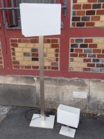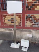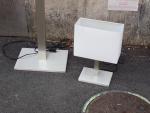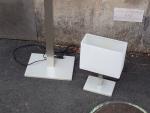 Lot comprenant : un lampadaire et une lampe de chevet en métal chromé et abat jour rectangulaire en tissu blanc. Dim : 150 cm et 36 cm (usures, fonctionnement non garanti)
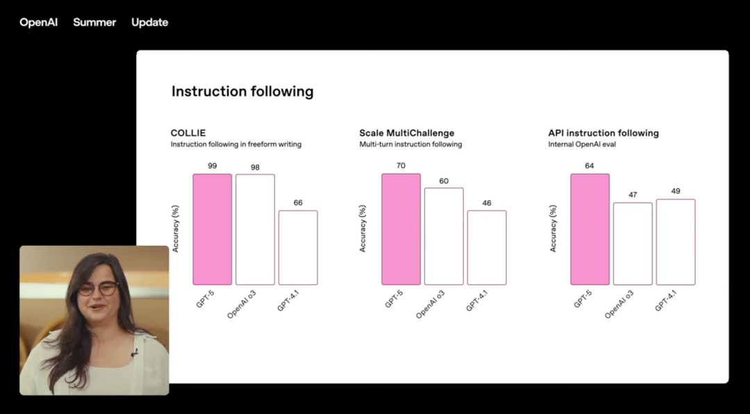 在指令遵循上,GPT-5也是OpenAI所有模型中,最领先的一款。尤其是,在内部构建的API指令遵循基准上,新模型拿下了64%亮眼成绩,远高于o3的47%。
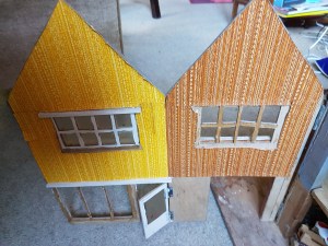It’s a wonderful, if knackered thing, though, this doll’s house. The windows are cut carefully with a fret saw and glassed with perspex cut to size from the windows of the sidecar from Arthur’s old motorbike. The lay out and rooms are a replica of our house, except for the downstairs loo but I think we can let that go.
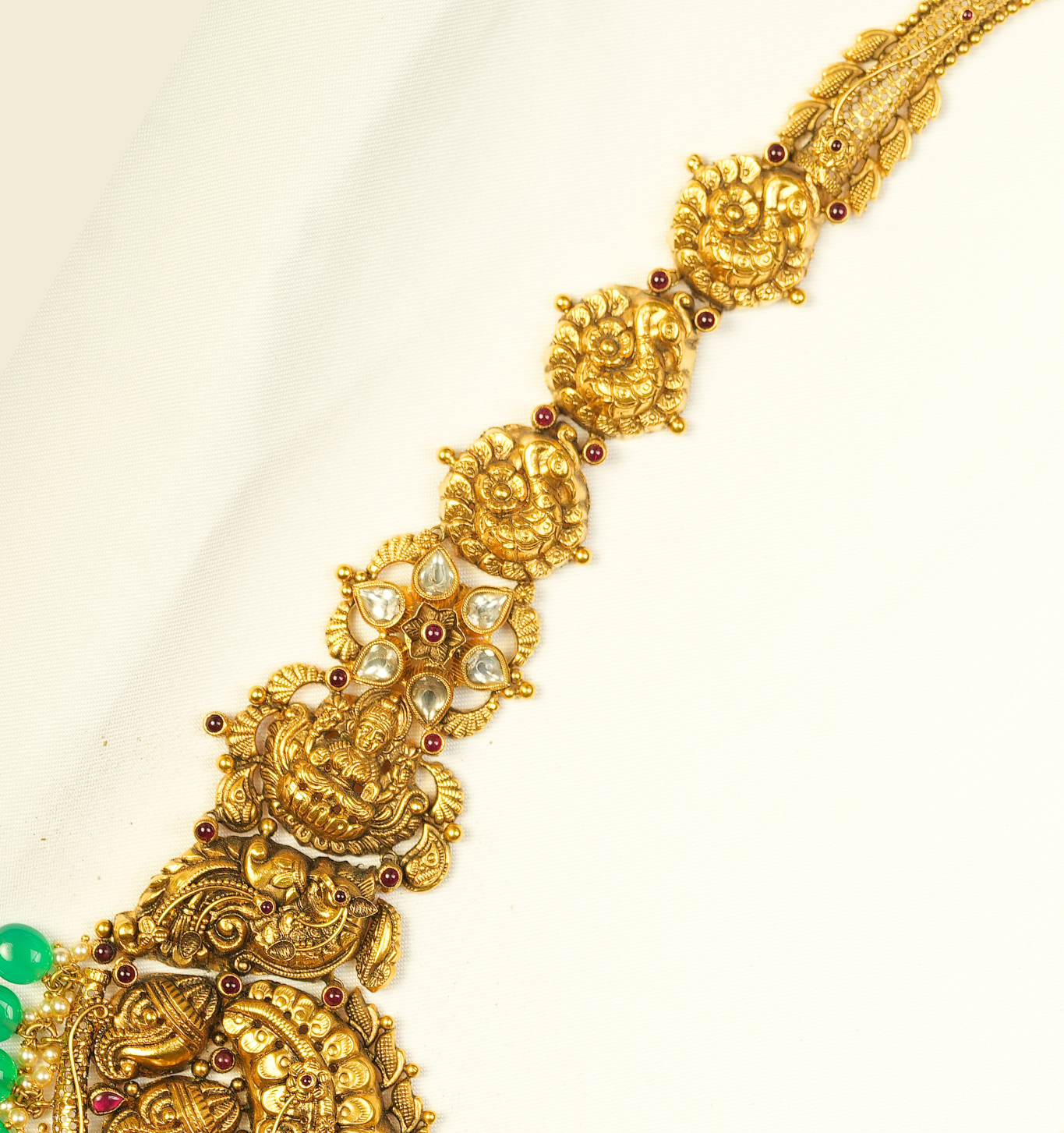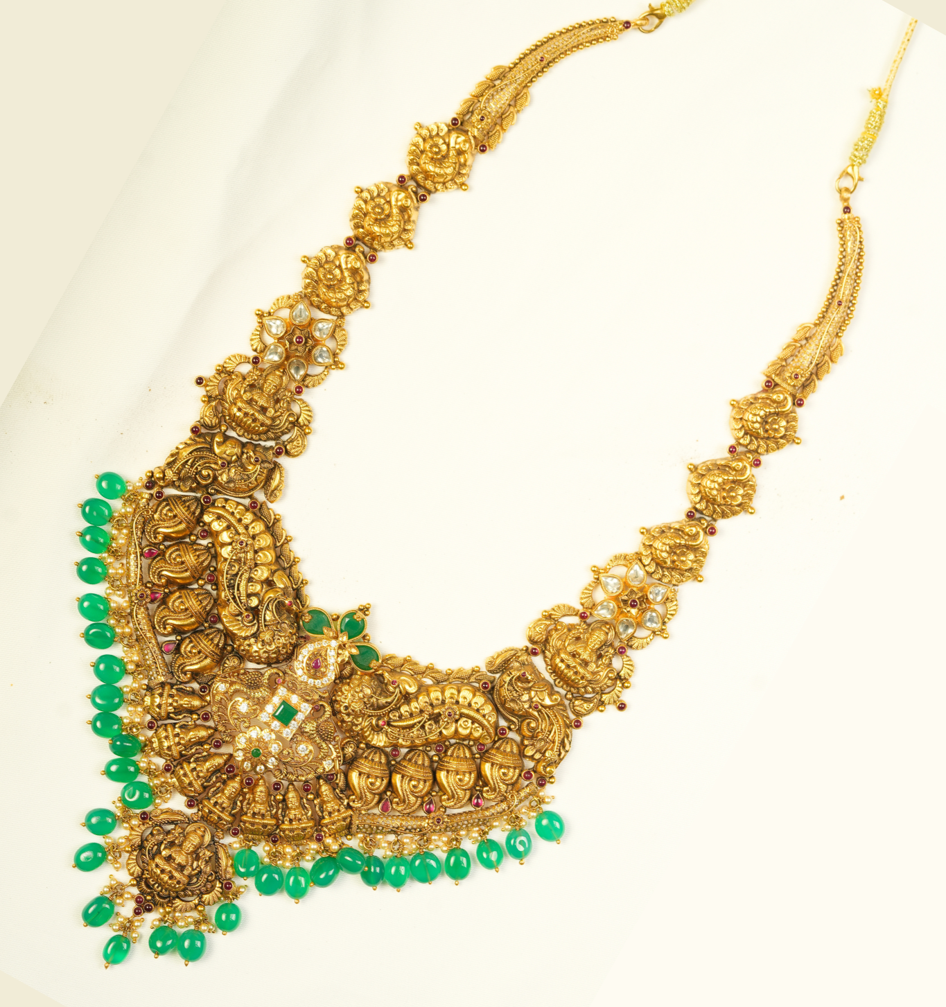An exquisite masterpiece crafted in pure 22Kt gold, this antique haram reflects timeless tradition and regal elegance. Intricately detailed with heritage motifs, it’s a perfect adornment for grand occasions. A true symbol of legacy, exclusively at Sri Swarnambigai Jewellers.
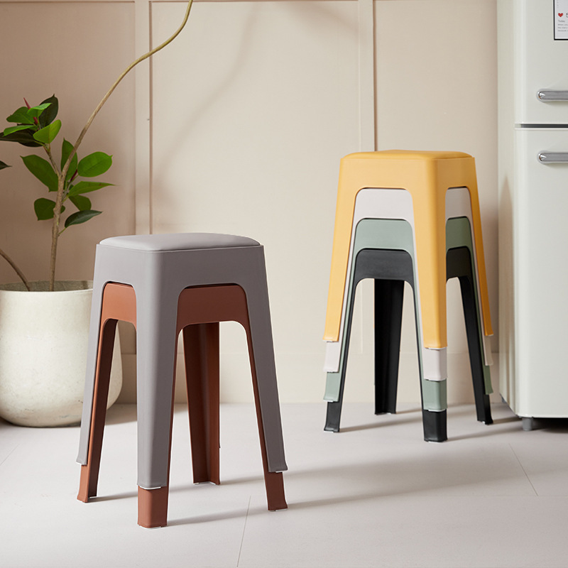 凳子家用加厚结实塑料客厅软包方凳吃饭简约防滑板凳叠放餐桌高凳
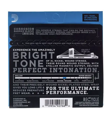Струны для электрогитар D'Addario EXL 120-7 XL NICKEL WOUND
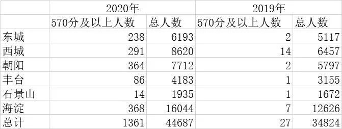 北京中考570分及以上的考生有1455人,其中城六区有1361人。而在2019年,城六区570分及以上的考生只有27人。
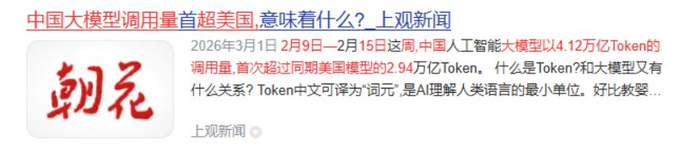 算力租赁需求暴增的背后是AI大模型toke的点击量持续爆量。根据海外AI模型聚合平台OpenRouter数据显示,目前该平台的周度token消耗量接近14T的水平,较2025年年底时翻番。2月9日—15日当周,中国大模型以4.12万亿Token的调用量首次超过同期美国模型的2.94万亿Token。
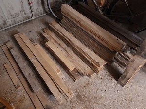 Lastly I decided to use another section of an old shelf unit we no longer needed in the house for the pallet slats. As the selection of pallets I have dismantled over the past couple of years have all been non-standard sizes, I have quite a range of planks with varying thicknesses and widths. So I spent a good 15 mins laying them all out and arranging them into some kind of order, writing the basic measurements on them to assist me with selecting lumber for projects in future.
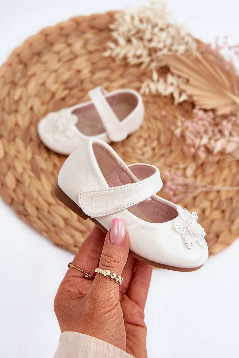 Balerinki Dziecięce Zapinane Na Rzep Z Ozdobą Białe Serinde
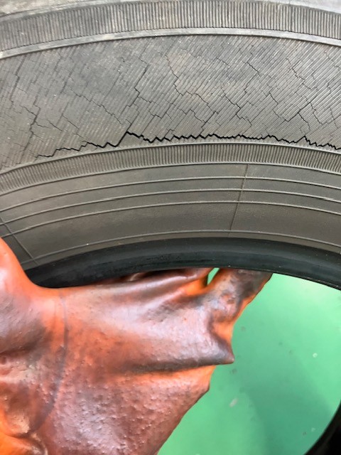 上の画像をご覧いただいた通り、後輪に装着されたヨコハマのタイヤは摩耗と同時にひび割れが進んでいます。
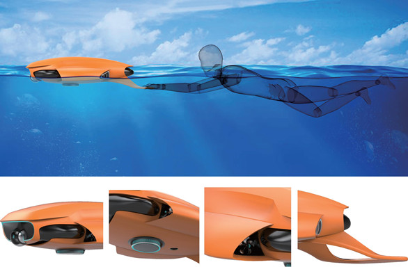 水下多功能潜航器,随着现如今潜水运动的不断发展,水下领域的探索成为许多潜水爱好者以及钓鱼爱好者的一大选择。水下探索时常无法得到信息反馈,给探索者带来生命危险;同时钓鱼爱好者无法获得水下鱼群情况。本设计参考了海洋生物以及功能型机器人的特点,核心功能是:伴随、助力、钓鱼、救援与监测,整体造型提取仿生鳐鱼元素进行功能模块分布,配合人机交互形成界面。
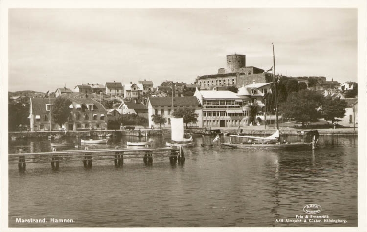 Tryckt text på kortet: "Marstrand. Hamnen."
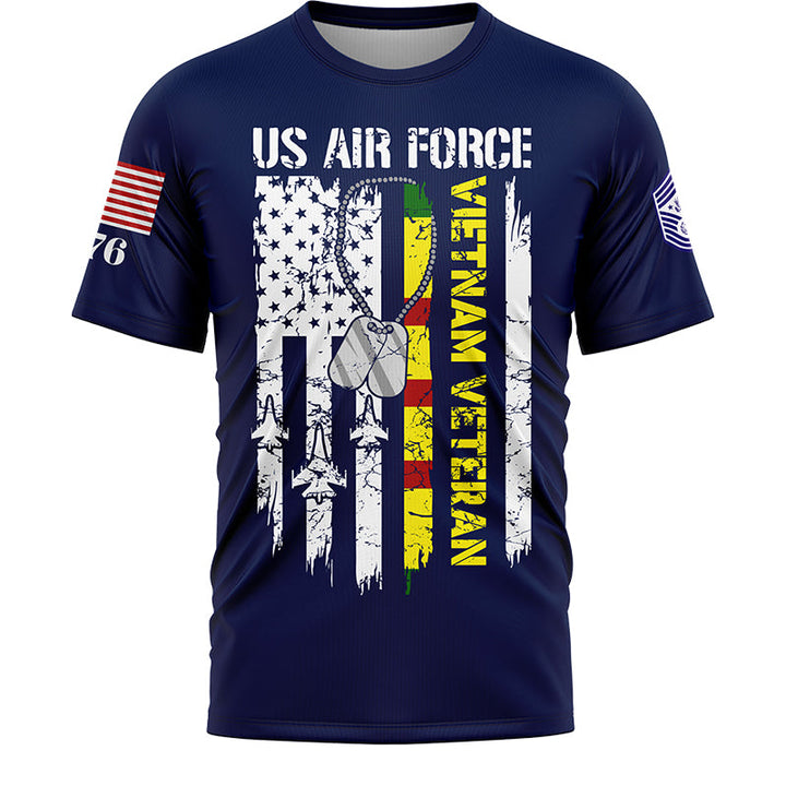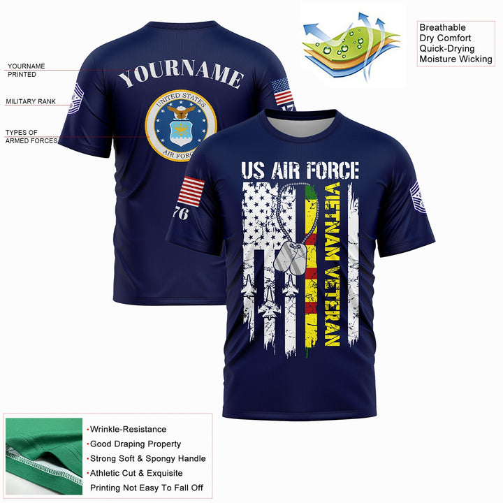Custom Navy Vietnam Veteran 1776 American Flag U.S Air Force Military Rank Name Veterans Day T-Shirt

_WHAT THE TASK REQUIRES_
Working from the entries above, reproduce exactly and only the lines beginning with the line that has "北京中考570分及以上的考生" and ending with the line that has "上の画像をご覧いただいた通り"; omit all pictures.

_ANSWER BOX_
 北京中考570分及以上的考生有1455人,其中城六区有1361人。而在2019年,城六区570分及以上的考生只有27人。
 算力租赁需求暴增的背后是AI大模型toke的点击量持续爆量。根据海外AI模型聚合平台OpenRouter数据显示,目前该平台的周度token消耗量接近14T的水平,较2025年年底时翻番。2月9日—15日当周,中国大模型以4.12万亿Token的调用量首次超过同期美国模型的2.94万亿Token。
 Lastly I decided to use another section of an old shelf unit we no longer needed in the house for the pallet slats. As the selection of pallets I have dismantled over the past couple of years have all been non-standard sizes, I have quite a range of planks with varying thicknesses and widths. So I spent a good 15 mins laying them all out and arranging them into some kind of order, writing the basic measurements on them to assist me with selecting lumber for projects in future.
 Balerinki Dziecięce Zapinane Na Rzep Z Ozdobą Białe Serinde
 上の画像をご覧いただいた通り、後輪に装着されたヨコハマのタイヤは摩耗と同時にひび割れが進んでいます。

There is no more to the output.